Guihua Lyu pledges the RMB13,250 equity interest he or she holds in the Company to the Pledgee;

 

1.2                     Pledge

 

The Pledgors are willing to pledge the aforesaid Pledged Equity as a security for the Company’s performance of the aforesaid Guaranteed Debts and for the Pledgors’ and the Company’s performance of the Contractual Obligations. Either Pledgor agrees that the other Pledgor  pledges the equity he or she holds in the Company to the Pledgee.

 

1.3                     Realization of pledge

 

1.3.1                                 If (i) the Company fails to perform the Guaranteed Debts in accordance with the provisions of the Master Agreements or (ii) the Pledgors fail to or the Company fails to perform the Contractual Obligations in accordance with the provisions of the Master Agreements, the Pledgee shall be entitled to dispose of the Pledged Equity in accordance with the provisions of the Guarantee Law of the People’s Republic of China and the Property Law, and to use the proceeds from the disposal of the Pledged Equity first to satisfy the Guaranteed Debts and any other related expenses in accordance with the applicable laws.

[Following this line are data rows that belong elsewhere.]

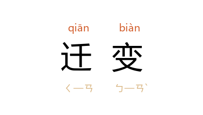 引《晋书·礼志下》:“周 末崩离,宾射宴饗之则罕復能行,冠婚饮食之法又多迁变。”宋 苏舜钦 《升阳殿故址》诗:“农惟喜丰稔,吾独閔迁变。”清 曾国藩 《<经史百家简编>序》:“末流之迁变,何可胜道!”鲁迅 《坟·我之节烈观》:“不过时代不同,则所谓‘日下’的事情,也有迁变:从前指的是甲事,现在叹的或是乙事。”
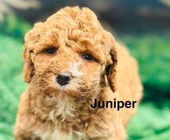 Our Cockapoo puppies include buff and white, cream, and red and white. Goldendoodle puppies include red, black, phantom, and parti. Colors will vary depending on the parent dogs.
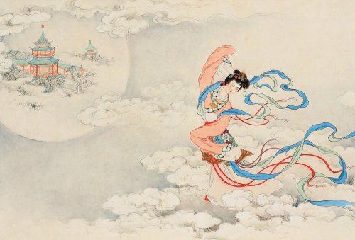 嫦娥吞下药,身子立时飘离地面、冲出窗口,向天上飞去。由于嫦娥牵挂着丈夫,便飞落到离人间最近的月亮上成了仙。
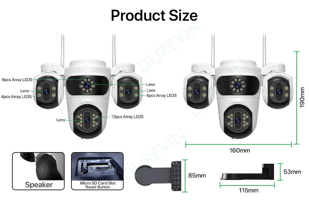Grabación máxima de tarjeta SD de 256G y grabación de almacenamiento en la nube (necesita una tarifa adicional), la seguridad de los datos es más estable.
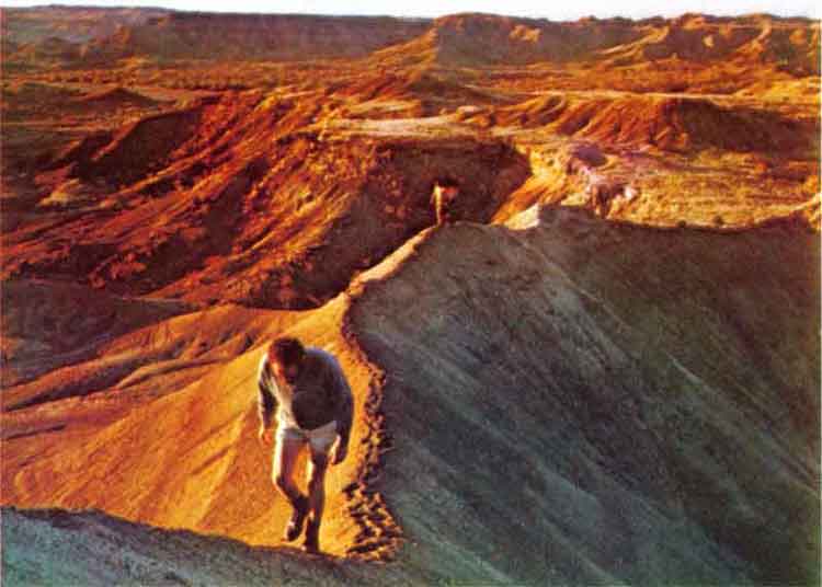 Датировкой и стратиграфией в Хадаре занимался Джеймс Аронсон (на переднем плане). Он часами бродил по отложениям в такой позе. Позади-его помощник Боб Уолтер, опытный вулканолог. |
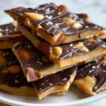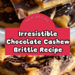 This Chocolate Cashew Brittle recipe features crunchy caramelized cashews coated in a crisp sugar syrup and elegantly drizzled with melted chocolate, creating a perfect combination of sweet, salty, and nutty flavors. Ideal for a delightful homemade treat, this brittle balances buttery richness with a touch of Himalayan pink salt for an irresistible snack or gift.
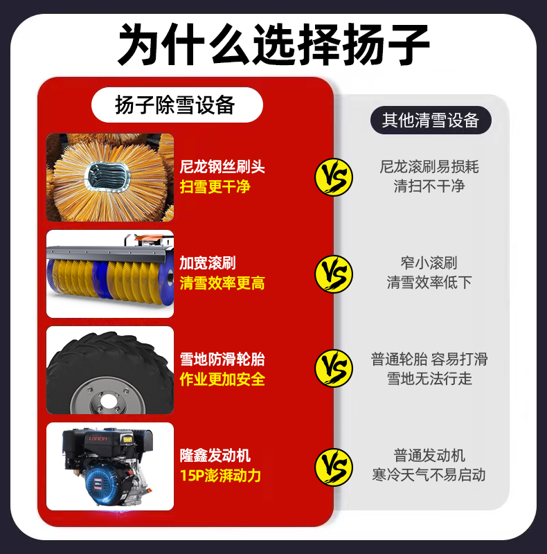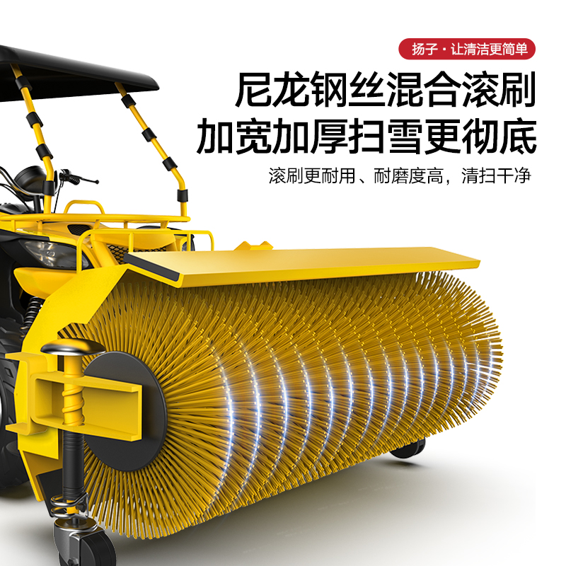 揚子YZ-SXJ003駕駛式掃雪機加寬加厚掃雪更徹底,耐磨尼龍鋼絲混合滾刷持久更耐用,可調節檔位操作更簡單
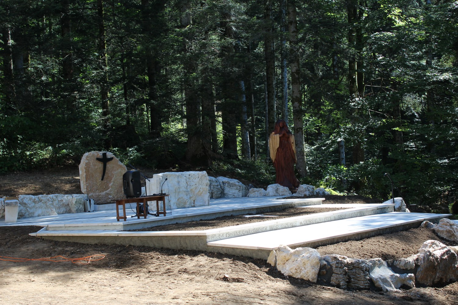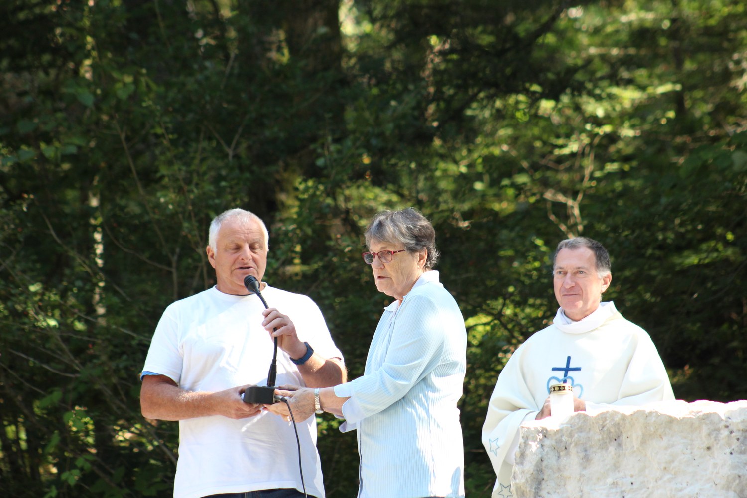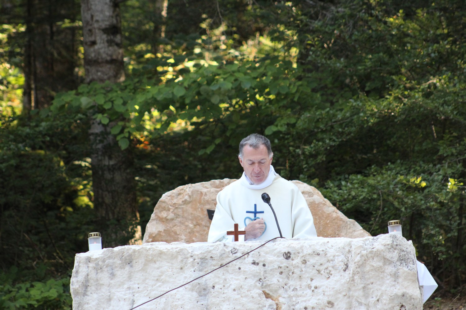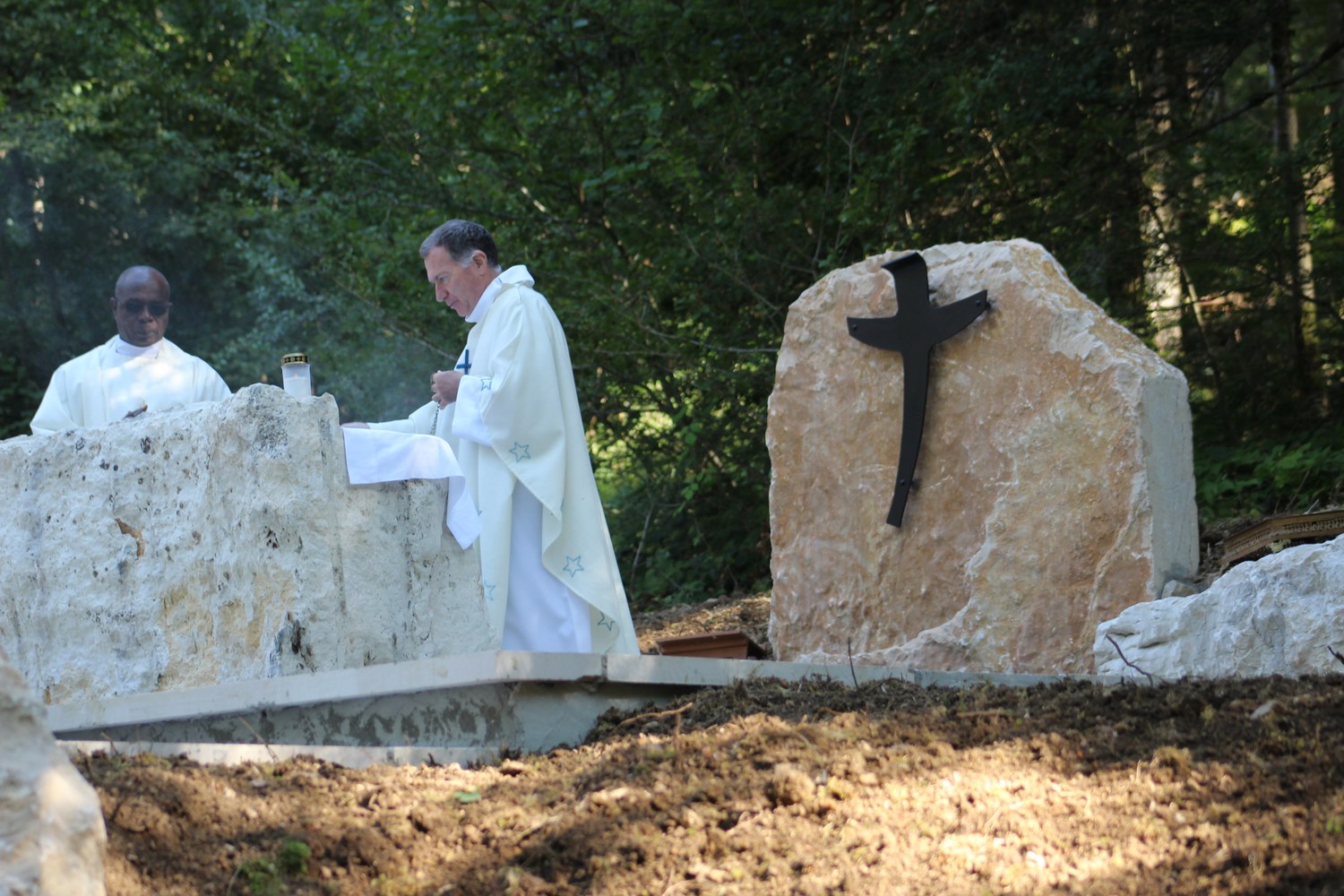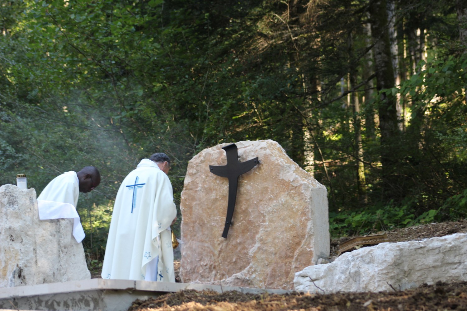 C’est ainsi que l’autel extérieur installé sur l’esplanade et la nouvelle statue ont pu être bénis par le Père Pelletier,vicaire général, invité tout exprès par le Père Rufin, à célébrer une messe sur le site pour fêter la Nativité de la Vierge.Cette manifestation organisée dans la précipitation et annoncée au tout dernier moment, a cependant rencontré un beau succès.Le temps radieux et le site ont attiré environ 60 personnes qui ,avec monsieur le maire, ont félicité chaleureusement les travailleurs en partageant des boissons à l’issue de la cérémonie.
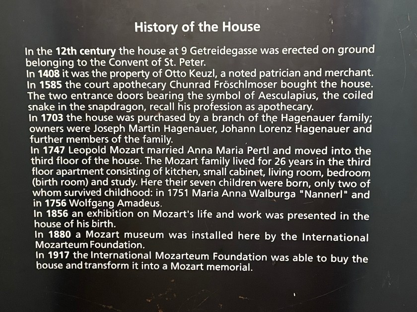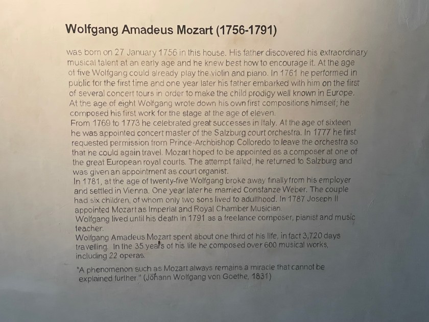 I got the feeling that there are several places in Salzburg competing for the treasures from Mozart’s life. This museum/home focused on his younger years and family life. I’m glad we visited.
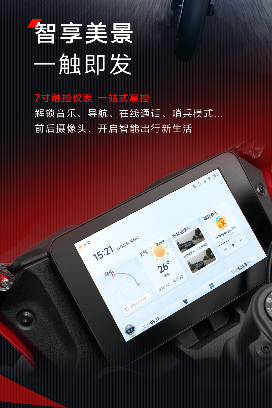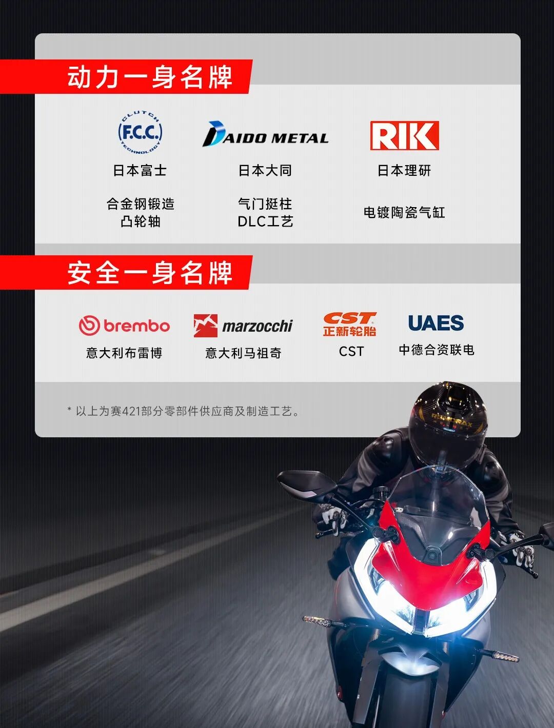 赛421整备质量仅176kg其中包括16L大油箱,坐高仅808mm,轴距1375mm;搭载7英寸TFT触屏仪表,内嵌前后摄像头画面,手机互联,ParaPal智能系统骑行中可以语音控制,对新手用户十分友好
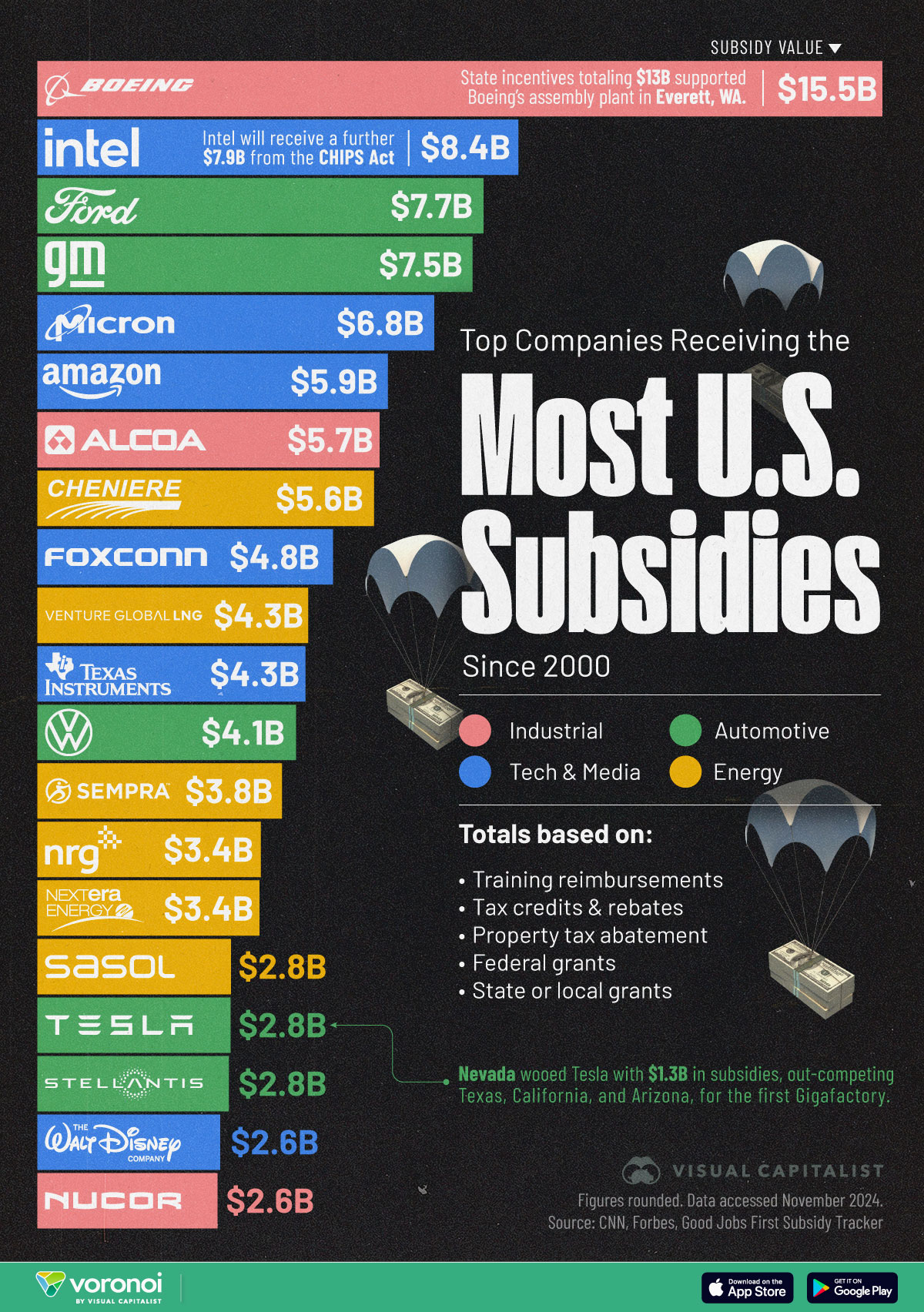 What We’re Showing: This chart visualizes the companies which have received the most U.S. government subsidies since the year 2000. โน๏ธ Subsidies can take th…

The Parties agree that the proceeds obtained in accordance with this article shall be paid for in the following order of priority: (1) all taxes and fees incurred in disposing of the Pledged Equity; (2) repayment of the Pledgors’ outstanding Guaranteed Debts; (3) if the agreed amounts under the foregoing two items have been paid, and there is no amount that the Pledgors or the Company should pay to the Pledgee, and the payments obtained by the Pledgee in accordance with this article still have a balance, the Pledgee shall return the balance to the Pledgors. At this time, the Pledgors, as the shareholders of the Company, agree to give up their preemptive right and agree that the Pledgee has the right to purchase the Pledged Equity.

 

1.3.2                                 Unless the Pledgee otherwise agrees in writing after the execution of the Agreement, only if the Company and the Pledgors have properly performed all their obligations and responsibilities under the Master Agreements and have been approved in writing by the Pledgee, the pledge under the Agreement can be released. If the Pledgors fail to fully perform all or any part of their obligations or responsibilities under the Master Agreements when the time limits specified in the Master Agreements expire, the Pledgee shall still have the pledge right under the Agreement until the aforesaid relevant obligations and responsibilities have been fully performed.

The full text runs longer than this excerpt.